I have two disk drives, a 10g and an 80g. I originally had XP installed on the 10g and was using half of the 80g for Solaris and the other half for extra storage for XP. I wanted to be able to mount this extra storage from Solaris, but as it was formatted with NTFS I couldn't (got the boot disk to be read fine though, as I chose FAT 32 during installation) so I set about trying to format this NTFS disk to FAT 32. Win XP wouldn't give me the option to format to FAT 32 with a right click -> format on the drive, only NTFS, so I put the boot CD in and tried to format it with that - the day before it had given me the option to format FAT 32 with the older 10g drive, however it didn't, it only gave me NTFS. Partition Magic thinks the entire 80g disk is 'bad' (even though my Solaris partition is happy) so I can't use that! I ended up using Solaris 'format' to delete this partition, and I *thought* that I had chosen to format it FAT 32, but whilst it seemed to create a FAT 32 placeholder, no other boot disk or OS recognises it as anything but RAW data. I've since installed 98 onto my 10g in order to format the disk from windows, but it doesn't even recognise the partition!

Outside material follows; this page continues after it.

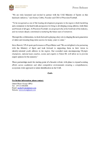 “We are truly honoured and excited to partner with the UAE Ministry of Sports on this
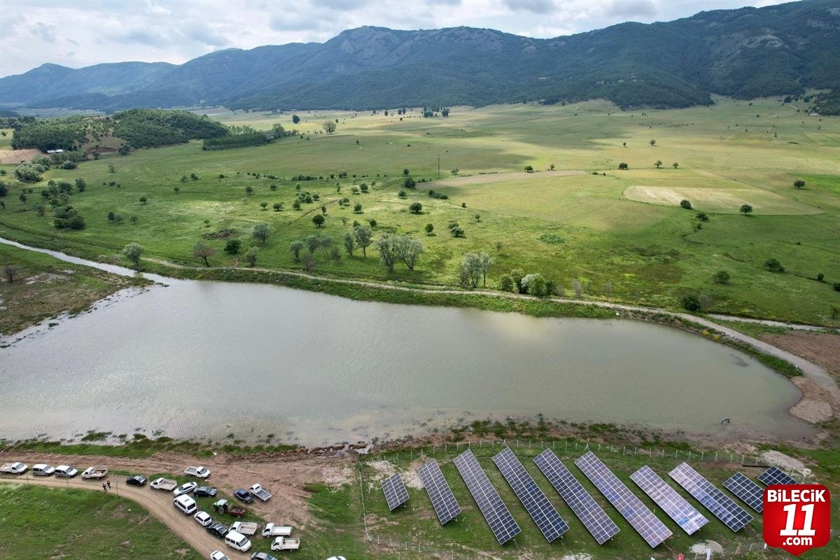 Yapılan göletlerin yaklaşık 3.000 dönüm arazinin su ihtiyacını karşılanacağının altını çizen Vali Kızılkaya; “Göletlerimizin bulunduğu yaylamız önceleri elverişsiz bir araziyken Tarım ve Orman İl Müdürlüğümüzün alanında uzman mühendisleri ve personelinin titiz çalışması sonucu ıslah edilerek verimli bir mera haline dönüştürüldü. Bizler de bununla yetinmeyerek Bilecik’imizde hayvancılığın daha da gelişmesi adına kolları sıvayarak bu bölgeye 6 tane gölet yapımına başladık. Bugün geldiğimiz noktada sulanarak daha da verimli hale gelen ve hayvanlarımız için oldukça kullanışlı bir merayı memleketimize kazandırmış olduk. Hem de yerli ve milli imkanlarla üretilen güneş enerji panelleri sayesinde suyu kullanırken elektrik maliyetini sıfıra indirdik. Böylece güneşten aldığımız güçle 3.000 dönüm araziyi sulayarak üreticimize yılda 9 Milyon TL gibi bir kazanç sağlamayı hedefledik.” İfadelerini kullanarak Bilecik’e hayırlı olmasını diledi.

I'm a bit stuck! Any ideas??
Thanks,
Liz

Hi, I have had trouble with these partition dillemas ay! My advice is to get a bootable linux Cd, and use its fdisk. You will fint invoking a t command in Linux fdisk will prompt you to change the filesystem flag for a given partition. a 0c (fat32 lba) or 0b (fat 32) would do the trick, using a bootdisk, I would assume then you would be able to format that other half of the 80GB.
As for Partition Magic, so much for "the standard in partitioning" ay? I mean, it doesnt even make peace with one of the best OS on the market. Power Quest, wake up!